# Dark angels tactics Thread



## jigplums (Dec 15, 2006)

with the dark angels now amoungst us, and the roar of screaming engines on the battlefields of the 41st millennium ive started this thread so people can share there thoughts on how to get the most from the new codex.


----------



## MidnightSun (Feb 10, 2009)

General options I see being viable:

1. Deathwing. Pretty much exactly the same as the old Codex, but more emphasis on shooting (good) and on Deathwing Assault (due to the associated, very powerful, Vengeful Strike).
2. Ravenwing. Increase in base Toughness, their own special units, and Ravenwing-only heavy support. I see Biker armies becoming popular despite the forced Teleport Homers.
3. Dualwing. Dualwing is viable as an entire army, with Azrael unlocking all Troops, but since Azrael is a horrible synergizer with the list, I think it'll be more common to see Sammael and Bikes as fast, tough Troops and Deathwing as Elites (due to larger squad sizes). Ravenwing affordable and tough enough to take many, so the Teleport Homers are actually useful.
4. Greenwing. So many buffs it's unreal. The Sacred Standards, cheaper Tacticals, Flakk Missiles, buffed Veterans (same price as 5 Tactical Marines for +1 attack, +1 LD, Stubborn, and as many special weapons as you like).

Combos I've seen so far:
1. 2 Lvl 1 Librarians, Standard of Devastation, bare Command Squads, and cheap Tactical Squads. I think this will prove very popular, as it's cheap and at least upgrades all of your Bolters to Storm Bolters, and at best into a very reliable, tough, 100-shot nightmare of a formation. Park it on an objective in Cover and hope they didn't bring Battle Cannons. Infantry cannot assault this position.
2. Ravenwing and Deathwing. Deathwing improved Deep Strike, and Ravenwing increased viability means that I think the combination of Bikes and Terminators will be very popular. Lacking in combat ability in the last codex, the inclusion of Deathwing Knights and Black Knights means you have an answer to any unit.
3. Debuff + Assault. Lots of Blind in the Dark Angels Codex, which is a highly underrated rule. Funnily enough, it's most effective against Orks and Necrons, the latter of which have the bite taken out of all of their combat units at WS1 due to a very high Power:Attacks ratio, and the former of which are crippled, plain and simple. Grenade Launchers and the various Stasis weapons are also particularly worthy of mention; again, hit a unit with a Stasis Charge or Rad Grenade and then hit them with the Mace of Redemption or Rift Cannon and have some fun.

Midnight


----------



## Routine (Sep 25, 2011)

^ as mentioned above, I think bikes may turn out to be popular, as they are fast, tough, hit reasonably hard, and have Scout for versatile deployment options. I'm just bummed out I cant ally in some Ravenwing troops as allies, but you take what is available. 
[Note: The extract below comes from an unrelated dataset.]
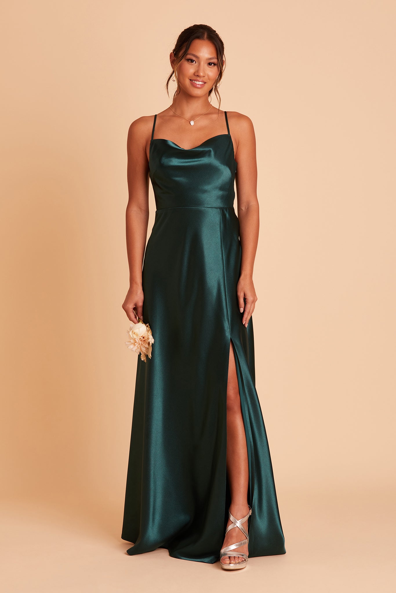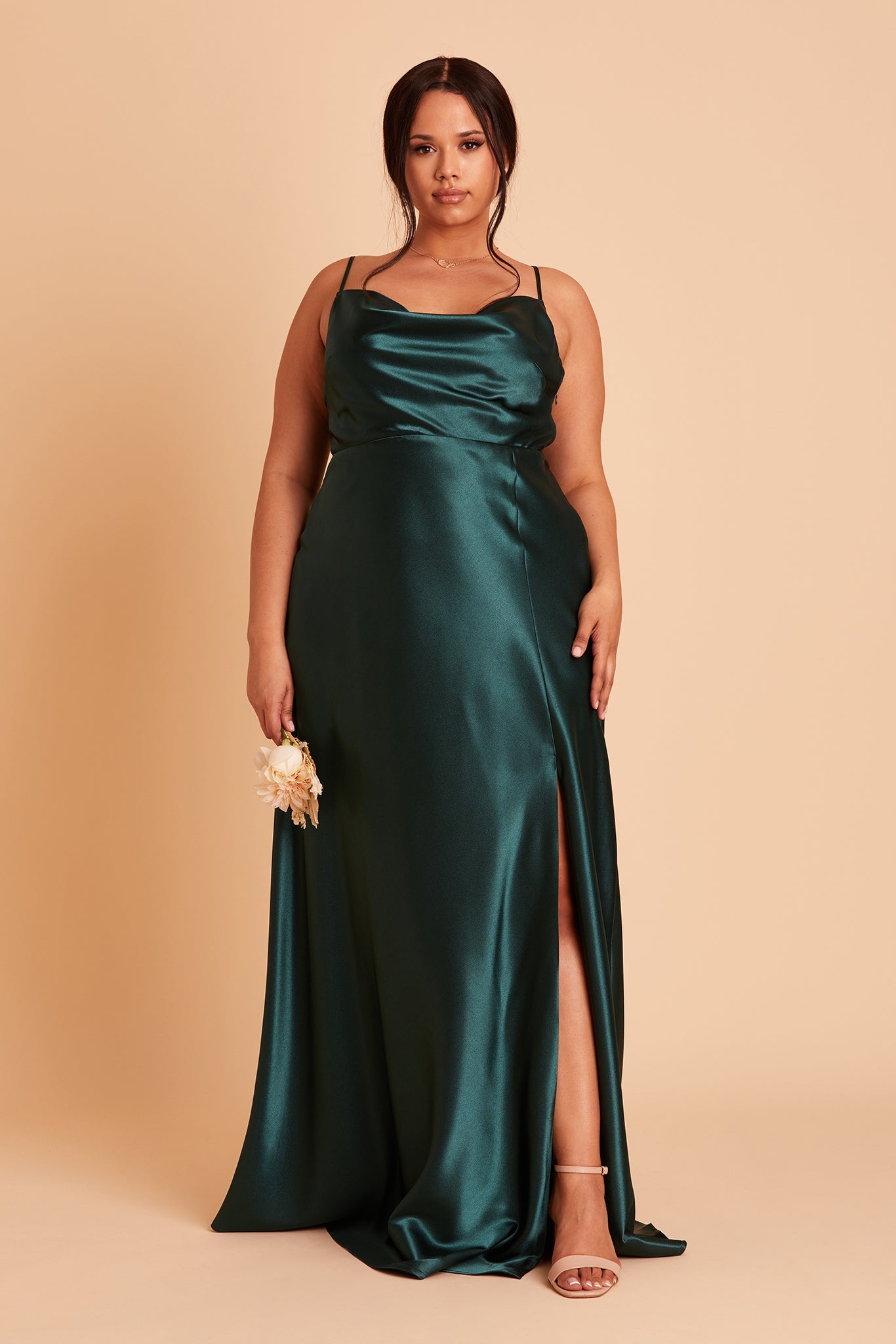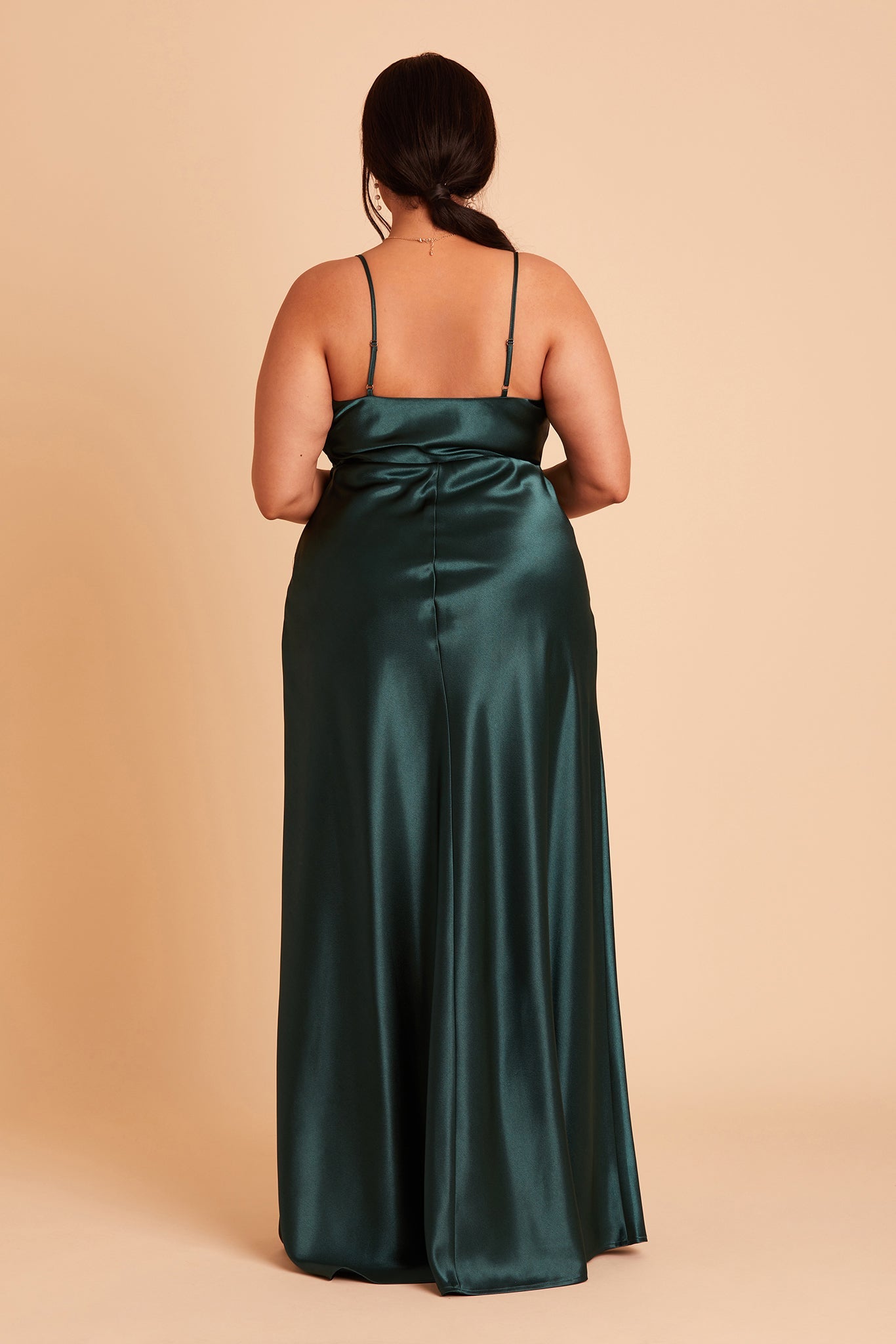 If our Lisa Satin Midi is the young, fun-loving sister, this floor-length one is the elegant, grown-up sis. She still flaunts the same signature '90s cowl neck, but this Lisa is a head-turning statuesque beauty. We see this satin bridesmaid dress paired with a chic little clutch, and a dainty pearl necklace to accentuate your collarbone.

I havent actually proxied anything to give this a try yet, but I was wondering if anyone has considered giving a Ravenwing variation of the Salvo-banner spam a try? yu get 2 or 3 6-man groups of Ravenwing, bring a Ravenwing command squad with the Devestation standard, and you've got 12 or 18 guys with twinlinked, 4-shot bolters, who can fire all four shots after moving 12", and are reliably tough.

Oh, and you dont even give up any shots by taking melta-guns and the like, as you retain the bike's twin-linked bolter, meaning you'd have a squad capable of anti-tank or anti-infantry to a frightening degree.

Midnight, I was wondering if you could expand on what you mean by Azrael lacking synergy with the list? The way I see it, if you take him, you take at least one Tac squad for objective sitting, as the Deathwing/Ravenwing will take the forward roles. You sit him with a tac squad, choose the right Warlord trait from the Dark Angels codex, and you've got an objective sitter of 10 marines and a fairly tough character, all with 2 or 3+ armor, a 4+ invuln, and Feel no pain (within 3" of an objective anyway, but thats where you want them)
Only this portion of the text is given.